「ちょっ・・元気、ヤだ・・いきなり・・」
 茜の家に着くと、元気は玄関先に荷物を放り出して、勝手知ったる部屋へ茜を引き摺って入っていった。
「うるせー。今までお前の言う通りに荷物持ちしてやったんだから、今度は俺の言うこときいてくれたっていいだろ」
 茜をベッドに押し倒しながら、元気は凄んでみせた。
「だからって・・・シャワーくらい浴びさせてくれてもいいでしょ。あれだけ歩き回ったんだから・・・」
 腕を突っ張って抵抗したが、ケダモノと化した元気の前ではなす術もなかった。

 キャミソールの上に透ける素材のブラウスを羽織っているだけだった茜は、一瞬のうちに裸に剥かれた。
「やだっ、元気・・・・一体どうしちゃったのよ?」
 性急にコトを推し進めようとする元気に、茜は戸惑った。
「お前は俺のモンだってこと、わからせてやる」
 口調は冷静さを保っているようだったが、元気の内には激情が熱く渦巻いていた。
「今更・・・」
「わかってんだよ!」
 訳がわからず戸惑う茜をきつく抱きしめて、元気は悲鳴にも似た叫び声を上げた。
「げ・・んき・・?」
「お前がユキに対して恋愛感情なんか持ってないってこと・・・わかってんだけど・・・」
 苦しそうに呟くと、元気は赤ん坊のように茜の胸にむしゃぶりついた。
 長年のつきあいで少々マンネリ化していた関係に、嫉妬は適度なスパイスになったようで、元気と茜は久しぶりに甘い一夜を過ごした。

「いないわ・・・一体どこに行ったのかしら?」
 翌日、昼過ぎに起きた元気と茜は、之の携帯に電話したが相変わらず繋がらなかったので、家の電話にもかけてみたが留守電になっていた。流石に心配になって訪ねてきたのだった。
「ユキ以外誰もいないんだから、家出って訳じゃないだろうしな・・・」
 二人がどうしようかと途方に暮れていたら、中からドアが開いた。
「いたのか、ユキっ!」
「どうして電話に出てくれなかったのよ。

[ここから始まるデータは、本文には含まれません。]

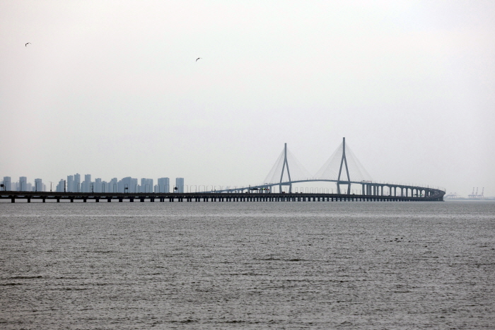 영종도와 인천 송도를 연결하는 인천대교. 멀리 보이는 곳이 송도다.

心配したじゃない」
「ごめん・・・」
 謝る之の服装はゆうべのままで、あまりに憔悴しているので、元気も茜も息を飲んだ。
「一体何があったの?」
 優しく尋ねる茜に之は首を振った。
「ごめん・・・一人にしておいてくれる?」
「でもユキ・・そんな状態でほっておけないわ・・・」
 茜が頬に伸ばしてきた手を振り払い、之は悲鳴のような叫びを上げた。
「お願いだからっ! ・・・一人で考えたいんだ・・・だから・・・僕を一人にして・・」
「わかった。でも、一人で考えてもわからなかったら、俺らがいるってこと忘れるなよ」
 元気は口唇を噛み締めて俯いた之の肩を優しく叩いた。


 元気と茜が納得できないながらも之の意向を汲んで引き上げていってから、之はシャワーを浴びることにした。ゆうべ、茜の買い物につきあって歩き回ったままだったし、身体がさっぱりしたら、何か気分も良くなるかもしれないと思ったからだった。
 しかし・・・
(ゆうべ、史朗ちゃんはあれからどうしたんだろう? 何日も風呂に入らずにいる訳はないし、大阪にいなかったなら、どこで? 早苗さんと一緒に?)
 そう思い至った途端、熱いシャワーを頭から浴びてるはずなのに、心の芯から冷えていくのを感じた。